WHAT YOU NEED TO DO:
For this exercise, output the entries below exactly from the line that holds "Olivenblatt-Extrakt mit 60%" to the line that holds "This Khartal Jhika", both ends included. No pictures belong in the copy.

PROVIDED RECORDS:
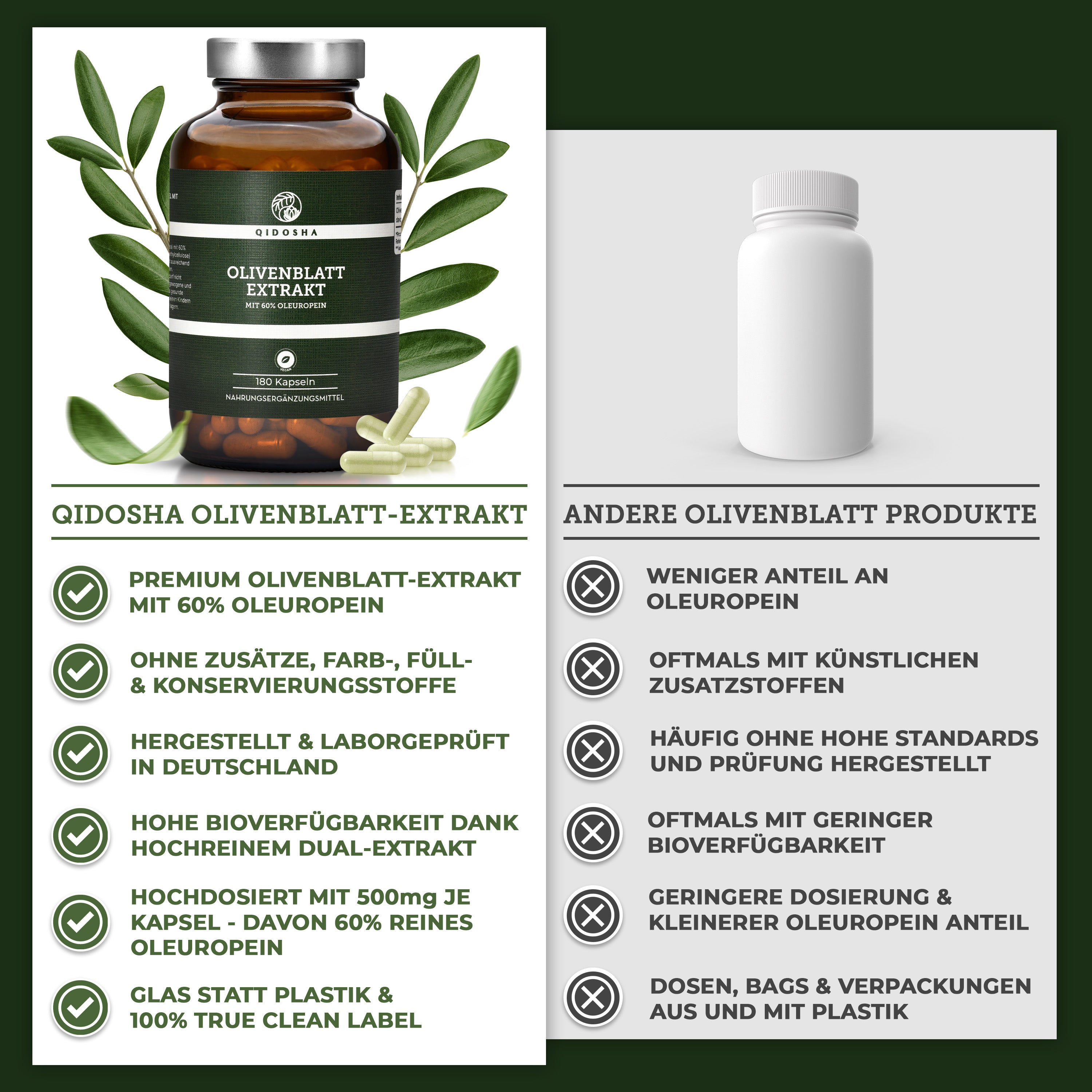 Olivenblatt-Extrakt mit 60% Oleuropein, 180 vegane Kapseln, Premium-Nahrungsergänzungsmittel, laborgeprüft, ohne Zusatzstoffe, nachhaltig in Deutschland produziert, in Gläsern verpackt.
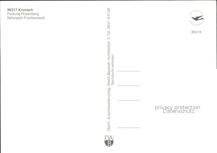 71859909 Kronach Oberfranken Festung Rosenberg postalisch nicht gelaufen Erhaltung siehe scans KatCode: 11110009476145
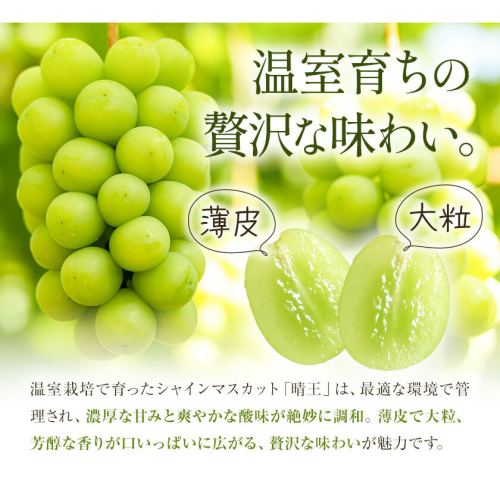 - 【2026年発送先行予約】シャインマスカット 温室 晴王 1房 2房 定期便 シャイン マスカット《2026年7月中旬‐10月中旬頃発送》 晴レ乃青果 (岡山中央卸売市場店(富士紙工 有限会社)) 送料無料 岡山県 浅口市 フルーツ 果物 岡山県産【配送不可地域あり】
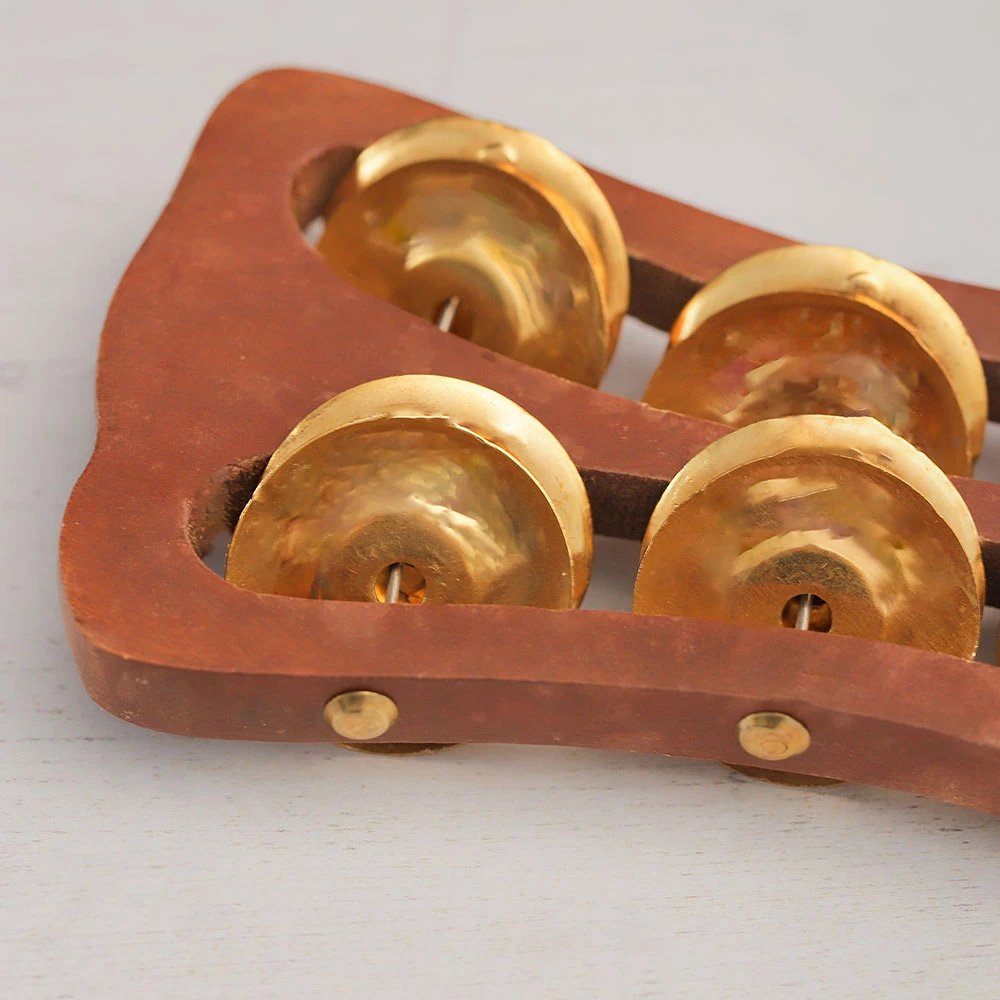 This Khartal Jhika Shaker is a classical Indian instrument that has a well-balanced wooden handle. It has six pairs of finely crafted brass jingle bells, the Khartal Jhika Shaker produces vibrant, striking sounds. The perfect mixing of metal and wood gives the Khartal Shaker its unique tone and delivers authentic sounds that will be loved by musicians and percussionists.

* * *

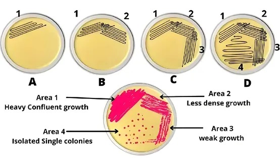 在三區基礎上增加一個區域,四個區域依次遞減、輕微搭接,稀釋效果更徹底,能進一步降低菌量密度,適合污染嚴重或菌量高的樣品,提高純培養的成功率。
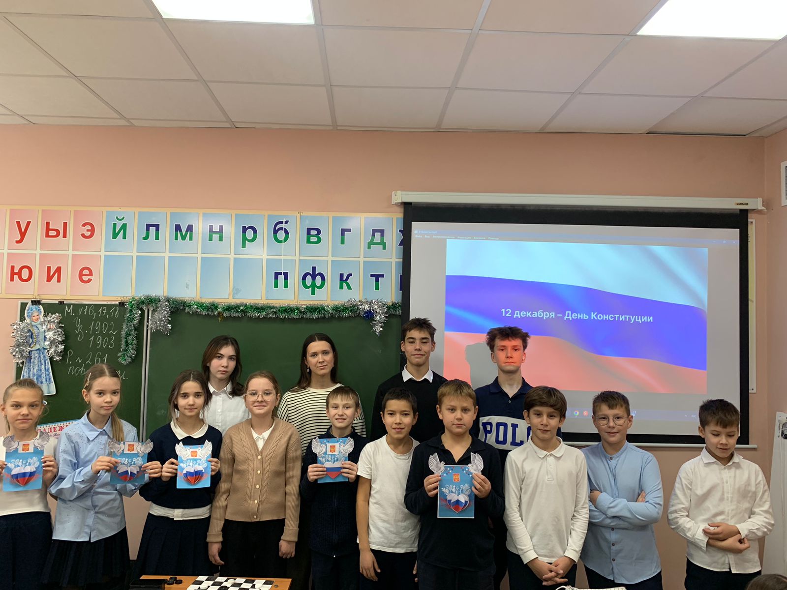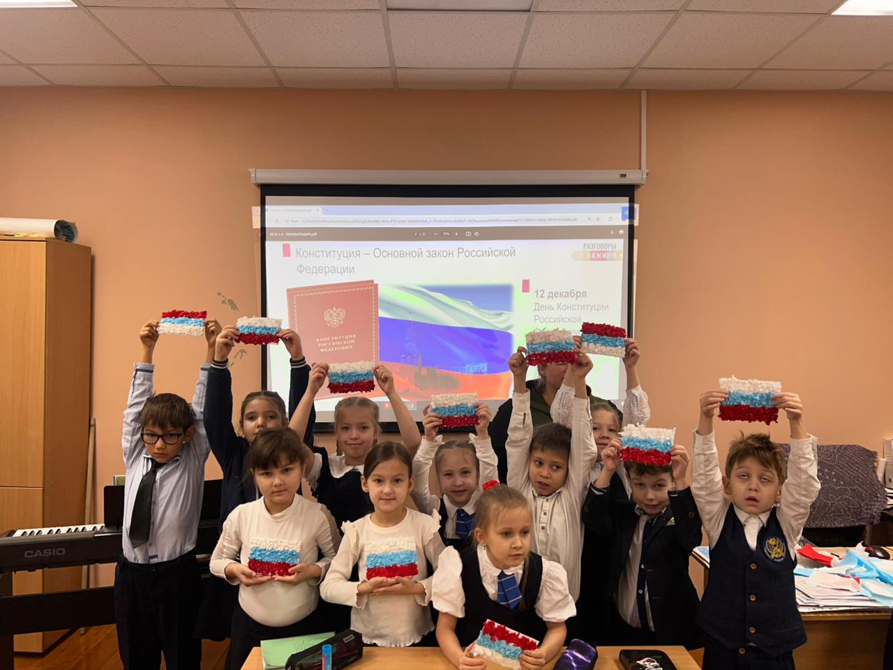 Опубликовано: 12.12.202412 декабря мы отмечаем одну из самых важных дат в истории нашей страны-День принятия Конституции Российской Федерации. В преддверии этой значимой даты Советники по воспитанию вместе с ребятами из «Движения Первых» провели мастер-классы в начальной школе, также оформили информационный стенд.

RESPONSE TO THE TASK:
 Olivenblatt-Extrakt mit 60% Oleuropein, 180 vegane Kapseln, Premium-Nahrungsergänzungsmittel, laborgeprüft, ohne Zusatzstoffe, nachhaltig in Deutschland produziert, in Gläsern verpackt.
 71859909 Kronach Oberfranken Festung Rosenberg postalisch nicht gelaufen Erhaltung siehe scans KatCode: 11110009476145
 - 【2026年発送先行予約】シャインマスカット 温室 晴王 1房 2房 定期便 シャイン マスカット《2026年7月中旬‐10月中旬頃発送》 晴レ乃青果 (岡山中央卸売市場店(富士紙工 有限会社)) 送料無料 岡山県 浅口市 フルーツ 果物 岡山県産【配送不可地域あり】
 This Khartal Jhika Shaker is a classical Indian instrument that has a well-balanced wooden handle. It has six pairs of finely crafted brass jingle bells, the Khartal Jhika Shaker produces vibrant, striking sounds. The perfect mixing of metal and wood gives the Khartal Shaker its unique tone and delivers authentic sounds that will be loved by musicians and percussionists.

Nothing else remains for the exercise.